Singapore is rife with Hawker Centres, where hundreds of small stands are manned by budding entrepreneurs cooking up delicious Asian dishes - Indian, Malaysian, Thai, Chinese and Singaporean food and an abundance of stalls selling tropical fruit and fresh juices all to be found in one big cluster! At bargain prices too. These are generally open daily from noon until 10pm and are quite a spectacle! Tola and I ate at Lau Pa Sat on Monday night, and on Tuesday Michelle and I ate at the Newton Hawker Centre for a grand total of about S$4 a head, and I had a particularly delicious Laksa. Inevitably, I think it's wise to exercise a little discretion over which stall you choose....

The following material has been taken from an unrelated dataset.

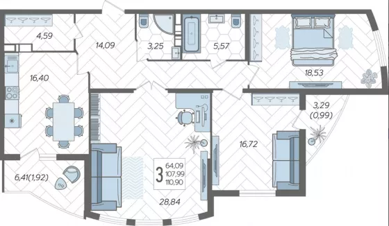 Продается 3-х комн. новостройка, 110.9 кв.м., 16/20 эт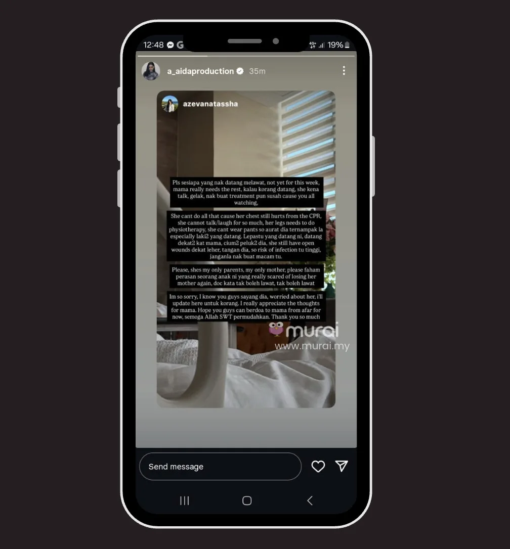 Katanya, buat masa ini Mama perlu banyak berehat. Bila ramai datang melawat, Mama terpaksa bercakap dan ketawa, sedangkan dada beliau masih sakit kesan daripada CPR. Malah, dengan luka yang masih belum pulih sepenuhnya, risiko jangkitan juga boleh meningkat jika ada yang terlalu rapat atau menyentuhnya.

Michelle, Tola and I ate Chinese seafood at No Signboard Seafood, which came lauded with good reviews and reasonable prices in the guidebook. What it failed to mention, however, is that if you want to eat fish or crab (generally thought to be the speciality), the prices rocketed past S$100 a dish! Luckily, we struck a deal on a set menu, and happily set about indulging in delicious steamed fish and white pepper crab, creating quite a mess in the process!

Cocktails: Tola, Christina and I enjoyed a few (hugely expensive) Singapore Slings in the Long Bar at Raffles Hotel, and especially enjoyed the freedom to cast monkey nut shells onto the floor like there was no tomorrow!
Tola and I also took a trip to the New Asia bar on the 71st floor of the Swisshotel, where we slurped delicious, strong cocktails at surprise "sundown" prices (aka happy hour...) - definitely recommended for sunset, and the views over the city are spectacular.
Overall, I was struck by how much Singapore is a real fusion of so many Asian cultures and traditions, and how everywhere in the city is influenced by another part of Asia so much that it is hard to find anything "typically Singaporean". I enjoyed this mix and I imagine that the city must be a culturally-diverse, (sweaty!) and interesting place to live as an expat.